Later on, I looked at some random linear algebra problems, such as proving that an invertible matrix A is normal iff A^*A^{-1} is unitary, and that the spectrum of A^* is the complex conjugate of the spectrum of A, which can be shown via examination of A^* - \lambda I. Following that, I stumbled across some text involving minors of matrices, which reminded me of the definition of determinant, the most formal one of which is \sum_{\sigma \in S_n}\mathrm{sgn}(\sigma)\prod_{i=1}^{n}a_{i,\sigma_{i}}. In school though we learn its computation via minors with alternating signs as one goes along. Well, why not relate the two formulas.

In this computation, we are partitioning based on the element that 1 or any specific element of [n] = \{1, 2, \ldots, n\}, with a corresponding row in the matrix, maps to. How is the sign determined for each? Why does it alternate. Well, with the mapping for 1 already determined in each case, it remains to determine the mapping for the remainder, 2 through n.
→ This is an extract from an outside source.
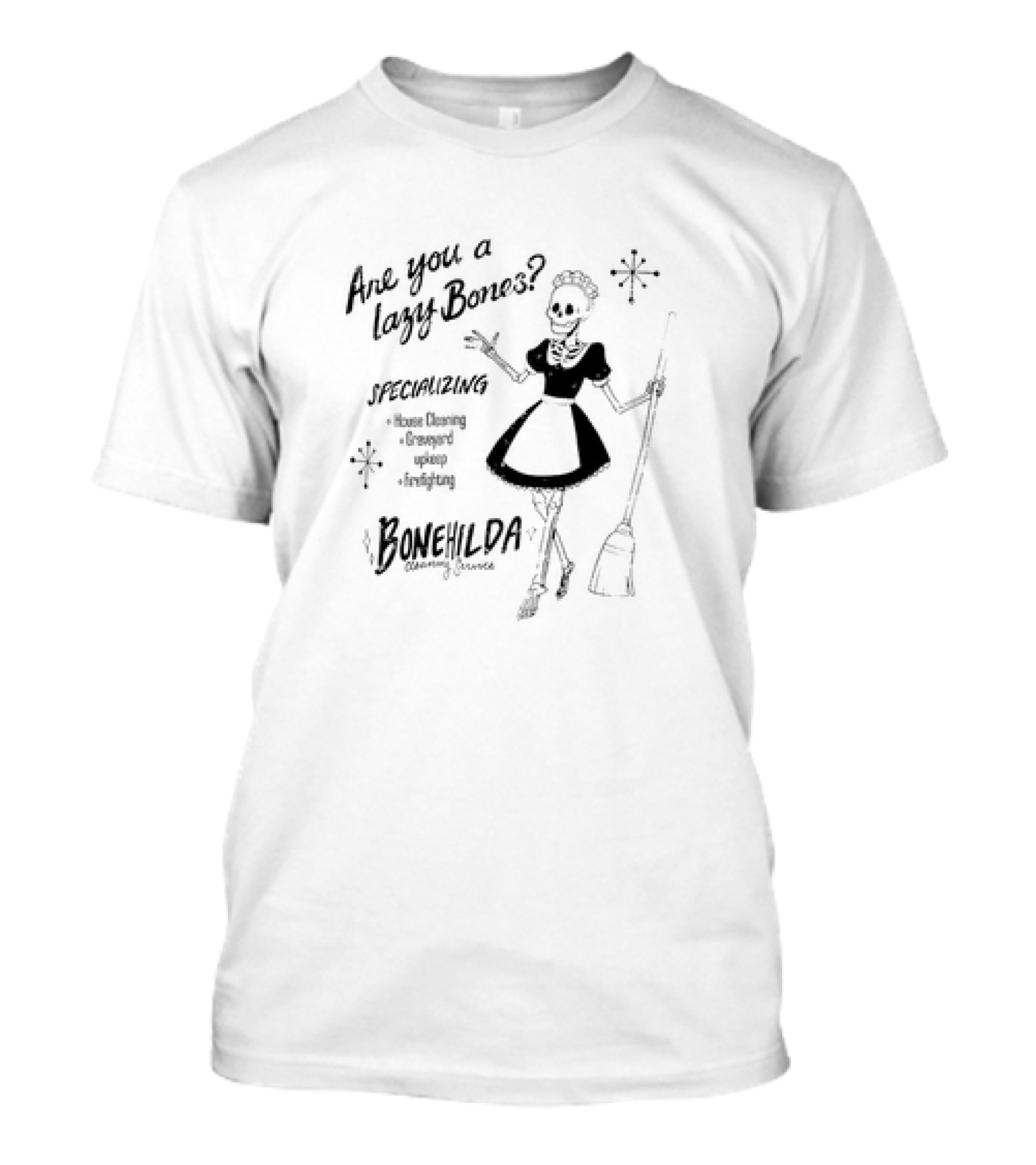 The Are You a Lazy Bones Specializing House Cleaning Graveyard Upkeep Babysitting Bonehilda Cleaning Services T-shirt is designed for everyday wear and a consistent fit. Fabric is pre-shrunk ring-spun cotton with durable stitching. See the size chart below for exact measurements.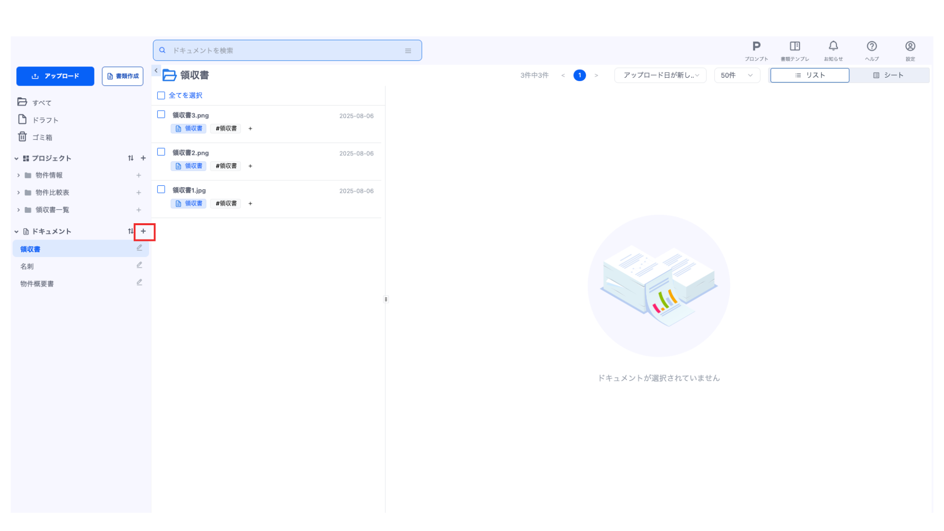 ドキュメントタイプを手動で作成したい場合は、新しいドキュメントタイプはサイドバーのドキュメントの「+」ボタンから作成できます。

There are (n-1)! of them, from \{2, 3, \ldots, n\} to [n] \setminus \sigma_1. If we were to treat 1 through i-1 as shifted up by one so as to make it a self map on \{2, 3, \ldots, n\} then each entry in the sum of the determinant of the minor would have its sign as the sign of the number of two cycles between consecutive elements (which generate the symmetric group). Following that, we’d need to shift back down \{2, 3, \ldots, i\}, the presentation of which, in generator decomposition, would be (i\ i+1)(i-1\ i) \ldots (1\ 2), which has sign equal to the sign of i, which is one minus the column we’re at, thereby explaining why we alternate, starting with positive.